A Texas native, he spent part of his childhood in Coleman. His mother Teresa Bentley, still lives there and was featured in the Reporter-News in a Labor Day story on the Owl Drug Store.
On Wednesday, Harris spoke at Colorado High School. A number of civic organizations, local businesses and private citizens sponsored his program. Students from Loraine, Colorado City and Westbrook attended, along with veterans from those communities.
“Like many other veterans these days, I joined after 9/11/2001,” he said.
He felt it was his duty to serve his community and nation after the terrorist attack.
“We lost almost 4,000 lives in a matter of hours,” Harris said.
Military service isn’t required to serve your country, he said. But doing so elevates people, and it brings serious responsibilities.
“It is the greatest honor there is, because when you sign your name on that line you’re saying I’m willing to die for what I believe in,” he told the audience.
This was not lost on sophomore Kayla Browne. That afternoon, Harris visited her English class; the students were reading his book as group assignment. Her brother Austin had just finished Army boot camp.
“If we were to have a war I don’t want anything to happen to him. Just knowing it’s possible, it kind of hurts me,” she said.
Browne’s voice began to choke up. Seeing Harris and recalling photographs, war movies and combat video, she couldn’t stop herself from seeing her big brother in the same light.
“Because anything is possible and it’s just not a good thought,” she said, tears beginning to fall from her cheeks. “I put his face on theirs and I can’t think of anything positive about it, because I just don’t want anything to happen to him.
(Harris’) story is really inspiring because if Austin were to get injured, he has someone to look up to.”
He didn’t mean to be a motivational speaker. Harris said he sort of walked into it.
“I was lost in the hospital one day, I was pretty medicated at the time. I walked in a door and I was literally on stage,” he recalled.
A group of men were sitting there. Whether they were doctors or chaplains, Harris didn’t know.
“They said, ‘Hey you’re our guest speaker today.’ I’m looking around and I’m like, ‘Uh, I guess I can be,’” he said. “I was kind of joking, but they pulled up a chair and said, ‘Have a seat.’”
It’s a must for Harris to balance the heaviness of his story with humor. Joking with visitors keeps the ice cracking, heading off any discomfort felt by his skin grafts or the remains of the seven fingers left on his hands. When posing for group photos, he’s the first to make a funny face or throw the bunny-ears hand sign behind whoever’s nearest.
He’s long since made peace with seeing in the mirror a face different from the one he grew up with.
“I don’t see the scars,” he said. “I see the person that I am and the person that I’m meant to be.”

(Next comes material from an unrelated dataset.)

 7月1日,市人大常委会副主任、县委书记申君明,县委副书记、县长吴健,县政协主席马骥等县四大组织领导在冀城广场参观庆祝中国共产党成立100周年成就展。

There is a purpose in these programs. It reaches beyond patriotism, recognizing veterans or even selling books. It lingers on a harrowing statistic he quoted throughout his visit, a national suicide rate of 22 veterans per day. But the purpose extends even beyond that.

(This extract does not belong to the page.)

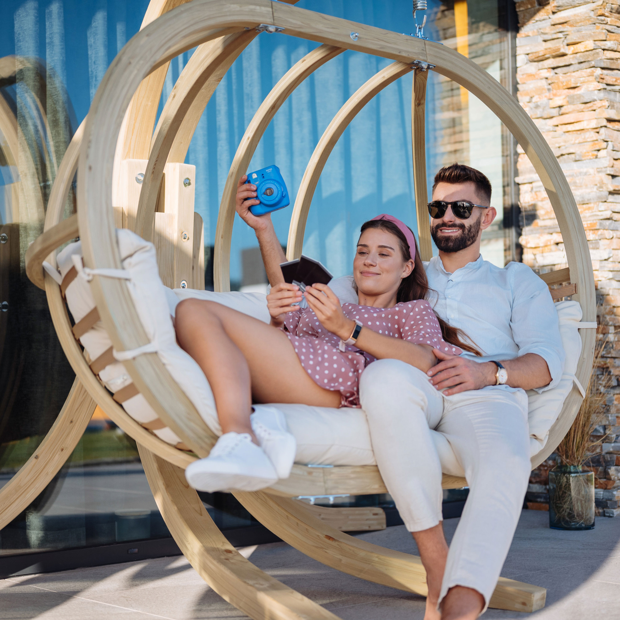 Ha különleges pihenőhelyre vágyik, amelyet könnyen elhelyezhet a teraszon, a kertben vagy egy tágasabb belső térben, a SwingPod XL hinta a megfelelő választás Önnek és szeretteinek. Képzelje el, hogy egy fárasztó nap után kényelmesen leülhet kedvenc könyvével vagy egy csésze kávéval, és élvezheti a finom ringatást, amely megszabadítja a stressztől és lehetővé teszi, hogy egy pillanatra megfeledkezzen minden gondról. Köszönhetően a robosztus szerkezetnek és a minőségi, impregnált lucfenyőből készült faanyagnak, amely jobb ellenállást biztosít a nedvességgel és más időjárási viszonyokkal szemben, hosszú távon számíthat a teljes szett tartósságára. Ugyanakkor javasoljuk a bevonat rendszeres karbantartását nagyjából évente egyszer, ha a hintát kültéri hatások érik. A SwingPod XL két személy számára tervezett, így a nyugodt közös pillanatokat partnerével vagy barátaival élvezheti. A hinta összeszerelése és esetleges szétszerelése egyszerű, így szükség esetén könnyen áthelyezhető más helyre. A kényelmet nemcsak a masszív fa szerkezet biztosítja, hanem egy puha, kényelmes és mégis praktikus párna is, amely kiváló minőségű anyagból készült, megkönnyítve a tisztítást. Feltűnő krémszínű színe elegáns és modern megjelenést kölcsönöz a hintának, így vonzó kiegészítője lesz bármely környezetnek. Akár romantikus sarkot szeretne a szabadban, akár stílusos beltéri elemet, krémszínű párnával kielégíti kényelmi és esztétikai elvárásait.

Harris’ message at its core boils down to one thing: Everyone has the strength to be more than they are. It takes faith and it takes courage, and it demands companionship. No one is alone, nor should they think they are.
He has his wife, Kathreyn, and their five children to lean on. There have been hard times, to be sure. But with just a little faith, somehow the sun always manages to pierce dark clouds.
“This recovery has been full of blessings. If you had asked me in 2007 if I would be here like this, I would have told you that you were crazy,” he said during the assembly. “It took little changes in my life, little achievable goals, each and every day, to have a greater outcome.”
It’s where the name of the book comes from and it’s a lesson anyone can learn.
“I had to have the will to get up and do it each and every day,” he said.
He wants the book to be a resource for veterans. When he and Cox began writing it he was clear from the start that being Christian doesn’t equate with weakness.
“I’m not Opie and this ain’t ‘The Andy Griffith Show.’ I’m Shilo Harris, I was raised hard, I served my country, I ate a lot of dirt, and I had a heck of a recovery,” he said.
“I take the stand that you can be a badass, and be a Christian, all at the same time.”